Well, we certainly can't have THAT--we don't need any "negative economic units" in our society, now, do we? How disgustingly Orwellian.

Am I the only one who finds this appalling and outrageous?

Searching the web, I found this:

For Barbara Wagner, too, there is something of a happy ending: The pharmaceutical company making Tarceva agreed to donate a year's supply of the expensive drug, and to consider providing further medication free of charge if she is still living and wishes to continue taking Tarceva in a year's time.

In other words, Big Business came to the rescue, not the bloody government!

However, for other patients with advanced cancer, there may be few options. The Oregon Health Plan will not cover chemotherapy unless there is a better than 5% chance it will help patients live for five more years. Patients who don't meet that standard get a letter denying coverage for chemo and suggesting comfort care, including pain relief and, potentially, doctor assisted suicide.

Hence, Barbara is not alone:

Since the spread of his prostate cancer, 53-year-old Randy Stroup of Dexter, Ore., has been in a fight for his life. Uninsured and unable to pay for expensive chemotherapy, he applied to Oregon's state-run health plan for help.

Lane Individual Practice Association (LIPA), which administers the Oregon Health Plan in Lane County, responded to Stroup's request with a letter saying the state would not cover Stroup's pricey treatment, but would pay for the cost of physician-assisted suicide.


Got that? He's 53. That's NOT old.
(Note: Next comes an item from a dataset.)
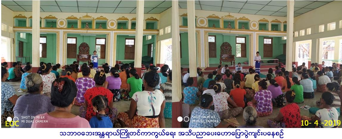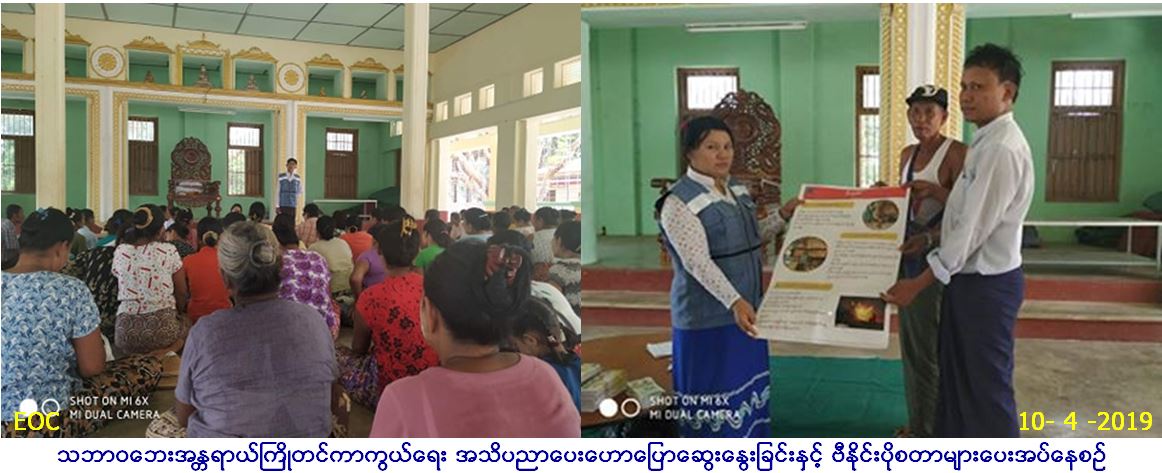 လူမှုဝန်ထမ်း၊ ကယ်ဆယ်ရေးနှင့်ပြန်လည်နေရာ ချထားရေးဝန်ကြီးဌာန၊ ကျိုက်ထိုမြို့နယ်ဦးစီးမှူး ရုံးမှ တာဝန်ရှိသူများသည် မွန်ပြည် နယ်၊ သထုံခရိုင်၊ (၁၀-၄-၂၀၁၉) ရက်နေ့၊ နံနက်(၁၀:၀၀)နာရီအချိန်မှ (၁၁:၃၀)နာရီအချိန် ထိ စစ်တောင်းကျေးရွာ၊ ကျိုက္ကလွန်ပွန်း ဓမ္မာရုံ၌ လူဦးရေ(၁၅၅)ဦးခန့်အား မြို့နယ် သဘာဝဘေးကော်မတီအဖွဲ့ဝင်များနှင့် ပူးပေါင်း၍ သဘာဝဘေးအန္တရာယ်ကြိုတင် ကာကွယ် ရေး အသိပညာပေးဟောပြောပွဲ ကျင်းပခဲ့ပြီး လက်ကမ်းစာစောင်များ လည်းဖြန့်ဝေခဲ့ရာ ပြည်သူလူထုများစိတ်ဝင်စား စွာ တက်ရောက် ခဲ့ပါကြောင်း သတင်းရရှိပါ သည်။

I understood that the purpose of government's universal health care was to make sure that people, especially the unemployed and working poor, would be covered by health insurance which is currently purchased through one's employer in group plans which many still decline because even the group plan is too expensive.

So here's Randy with prostate cancer and who needs chemotherapy, and the state's insurance plan tells him, essentially, "drop dead."

Eventually the state reversed its decision and paid for chemotherapy because Randy fought this decision.

Whatever happened to "First, do no harm."?

There are a couple of lessons here:

First, don't be poor and live in Oregon.

Second, be careful what you wish for--any government backed universal health care under consideration should be carefully scrutinized. Your life, your family members' lives, may someday depend upon what is written there.

2 Comments:

Blogger Gila said...

Under the current set-up in the United States, what care would either Randy or Barbara get if they were poor and/or uninsured...and not living in Oregon?

Saturday, August 15, 2009 at 6:01:00 PM GMT+3  
Blogger aliyah06 said...

They would get Medicaid, which is really what the Oregon Health Plan is--every state gets Medicaid funds, which unlike Medicare, are needs based. Each state also gets to administer those funds as they see fit. The difference is that OHP has chosen to ration services and prescriptions. In California, it is called Medi-Cal and is far more comprehensive than what Oregon has chosen to offer its citizens. Every state has Medicaid, often under different names, but in many states the program is eating up huge portions of the state budget--which is why Oregon and other states ration care or have limited enrollment regardless of need. This is probably why Obama wants create a unifom, federal health care system akin to Medicare but make it available as an entitlement rather than as needs-based. The glitch is--will the federal government, to balance ITS budget, resort to rationing aid to elders, people with high-cost treatment (HIV, cancer, etc.) and cut Rxs to chronically ill people the way Oregon has done?

I think folks would be much calmer if they had the answer to these questions.